Anyone familiar with theatre and entertainment in the Twin Cities would have recognized the names of Twin City stalwarts Jevetta Steele, Dennis W Spears, T. Mychael Rambo. They have carried many productions and they didn’t hurt their reputations in this one either. Steele’s voice just soared throughout and she played a sassy “other” woman in the production’s first act.
But this time it was the Penumbra fixture Austene Van who really shined. She absolutely stands out in every scene she’s in and even steals a few.
In the opening vignette “Sweat” she plays Delia, the poor battered wife of a country boy who can’t seem to find satisfaction in what he has at home. Van’s Delia conveys a quiet strength and she tucks away her natural dynamism to let you see a woman whose dreams have faded and her hopes for real love are all but perished. But Zora Neale Hurston (three of her short stories are adapted here by George C. Wolfe) rescues her with her tale of how sometimes fate intervenes to right wrongs. In this case, fate comes in the form of a snake. Keith Jamal Downing, who plays the wife beater and adulterer Sykes, may just have been too nice of a guy to play the part, or he may have been handicapped by his youth.
The middle tale “The Gilded Six Bits” had a bit of a moral to it as well. One could say it sought to say that “all that glitters isn’t gold.” Rambo played a convincing gold plated shyster who almost upset a happy home, but love prevailed. Van again stood out as she played a woman, not just any woman, but a Black woman who loved her man and wanted the absolute best for him. Downing was convincing as a man madly in love with his wife, so much so that he managed to overcome his wife’s temporary stumble from her marital vow. As the chorus sang repeatedly the refrain “the sun rose and the sun set,” we got the point, sometimes time does indeed heal wounds
Left: Dennis W. Spears and Jevetta Steele
T. Mychael Rambo got a chance to not only display his well known acting chops but he was outfitted in the finest suits the 1920s and 1930s had to offer. He and Mikell Sapp got to strut around in zoot suits in Harlem as old school hustlers, Sweetback and Jelly would be pimps without a dime in their pockets in, “Story of Harlem Slang.” And they weren’t outfitted in just any ole zoot suits, but loud colored zoots at that: red pinstripe and mustard yellow. Van’s character Missy cracked that both of them, “rushed up here to get away from a job.”

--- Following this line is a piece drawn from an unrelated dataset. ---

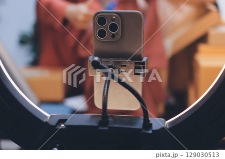 Start up small business owner. Female asian live streaming online for sale a clothes, e-commerce and marketing media

Sapp really strutted his stuff while showing that he, as the old folks used to say, “is light on his feet.”
Speaking of old folks, the production was sprinkled with old school sayings from the Black experience in the 1920s and 1930s. I got a kick out of Van telling the pimped-out Rambo in the last scene that portrayed city hustlers doing their thing in New York, that “I wouldn’t give you air if you was stuffed in a jug” And one of them had laid an old school line on her earlier tell her that, “there must be recess in heaven cause one of the angels is missing.”
The sun shines and the sun sets and the Penumbra continues to put out first-rate productions. SPUNK doesn’t disappoint and has a little something for everyone: a little singing, a little dancing, great acting and good, old-school storytelling.